List-mode objective function: minor refactor and extra functionality

KrisThielemans commented 2 months ago

This PR is intended to add objective function value as well as Hessian to the list-mode objective function. To avoid duplication between cached and non-cached versions, the plan is as follows:

split reading of a "batch" in a separate function
rewrite gradient to always use LM_distributable_computation by reading the batch either from cache or from list-mode.
add function for objective function
add Hessian

@gschramm @NikEfth Feedback welcome!

KrisThielemans commented 2 months ago

step 2 commited, but currently failing test. It'll be for tomorrow.

KrisThielemans commented 1 month ago

@NikEfth Steps 1&2 completed. Variable naming is a bit awkard, but minimises text changes. Best to compare ignore white-space diffs: https://github.com/UCL/STIR/pull/1418/files?diff=unified&w=1

KrisThielemans commented 1 month ago

Preparation is nearly done. Results for the gradient are still identical. I plan to template the loop function, and then call it

KrisThielemans commented 1 month ago

The Hessian calculation should now be functional, but it is untested ATM.

KrisThielemans commented 1 month ago

@gschramm conducted some timings via SIRF (but that shouldn't matter). Original post at https://github.com/SyneRBI/SIRF/pull/1253#issuecomment-2107661865

Timing results of Sino/LM gradients/hessian multiplies for different number of subsets

mMR LM file with 4,332,816 counts and acq_model = sirf.STIR.AcquisitionModelUsingRayTracingMatrix() and 1 tangential LOR, sirf.STIR.AcquisitionData.set_storage_scheme("memory")

7 subsets

In [14]: %timeit g = obj_fun.gradient(initial_image, subset = 0)
4.19 s ± 36.1 ms per loop (mean ± std. dev. of 7 runs, 1 loop each)

In [15]: %timeit hess_out_img = obj_fun.accumulate_Hessian_times_input(current_estimate, input_img, subset=0)
4.35 s ± 85.6 ms per loop (mean ± std. dev. of 7 runs, 1 loop each)

In [18]: %timeit g = lm_obj_fun.gradient(initial_image, subset=0)
4.18 s ± 13.4 ms per loop (mean ± std. dev. of 7 runs, 1 loop each)

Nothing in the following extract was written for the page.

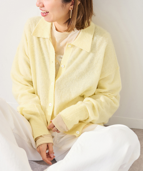 細番手のアルパカ混素材を使用した、ふんわりとした軽さが魅力のカーディガン。製品加工による繊細な起毛が柔らかな風合いを引き立て、顔まわりに華やかさをプラスします。ボタンを留めてポロシャツのように着ると、落ち着きのある大人の装いに。一枚で着映えるデザインは、シンプルなボトムと合わせるだけで季節感のあるスタイリングが完成します。**********************透け感:あり裏地:なし伸縮性:あり光沢感:なし生地の厚さ:やや薄手**********************※素材の特性上、表面の毛羽が他のものに付着したり、繊維の絡みつきや毛玉になることがあります。※取り扱いについては、商品についている品質表示でご確認ください。※こちらの商品は、FRAMeWORK での取り扱いになります。直接店舗へお問い合わせの際は FRAMeWORK 店舗へお願い致します。※照明の関係により、実際よりも色味が違って見える場合があります。またパソコン・スマートフォンなどの環境により、若干製品と画像のカラーが異なる場合もございます。予めご了承の上ご注文ください。※商品の色味は、商品アップ画像をご参照ください。本体:ドライクリーニング

In [19]: %timeit hess_out_img_lm = lm_obj_fun.accumulate_Hessian_times_input(current_estimate, input_img, subset=0)
4.13 s ± 46.9 ms per loop (mean ± std. dev. of 7 runs, 1 loop each)

14 subsets

In [22]: %timeit g = obj_fun.gradient(initial_image, subset = 0)
2.75 s ± 45.9 ms per loop (mean ± std. dev. of 7 runs, 1 loop each)

In [23]: %timeit hess_out_img = obj_fun.accumulate_Hessian_times_input(current_estimate, input_img, subset=0)
3.07 s ± 39 ms per loop (mean ± std. dev. of 7 runs, 1 loop each)

In [26]: %timeit g = lm_obj_fun.gradient(initial_image, subset=0)
4.67 s ± 112 ms per loop (mean ± std. dev. of 7 runs, 1 loop each)

In [27]: %timeit hess_out_img_lm = lm_obj_fun.accumulate_Hessian_times_input(current_estimate, input_img, subset=0)
4.89 s ± 68.7 ms per loop (mean ± std. dev. of 7 runs, 1 loop each)

21 subsets

In [32]: %timeit g = obj_fun.gradient(initial_image, subset = 0)
2.35 s ± 37.5 ms per loop (mean ± std. dev. of 7 runs, 1 loop each)

In [33]: %timeit hess_out_img = obj_fun.accumulate_Hessian_times_input(current_estimate, input_img, subset=0)
2.69 s ± 58 ms per loop (mean ± std. dev. of 7 runs, 1 loop each)

In [34]: %timeit g = lm_obj_fun.gradient(initial_image, subset=0)
6.35 s ± 199 ms per loop (mean ± std. dev. of 7 runs, 1 loop each)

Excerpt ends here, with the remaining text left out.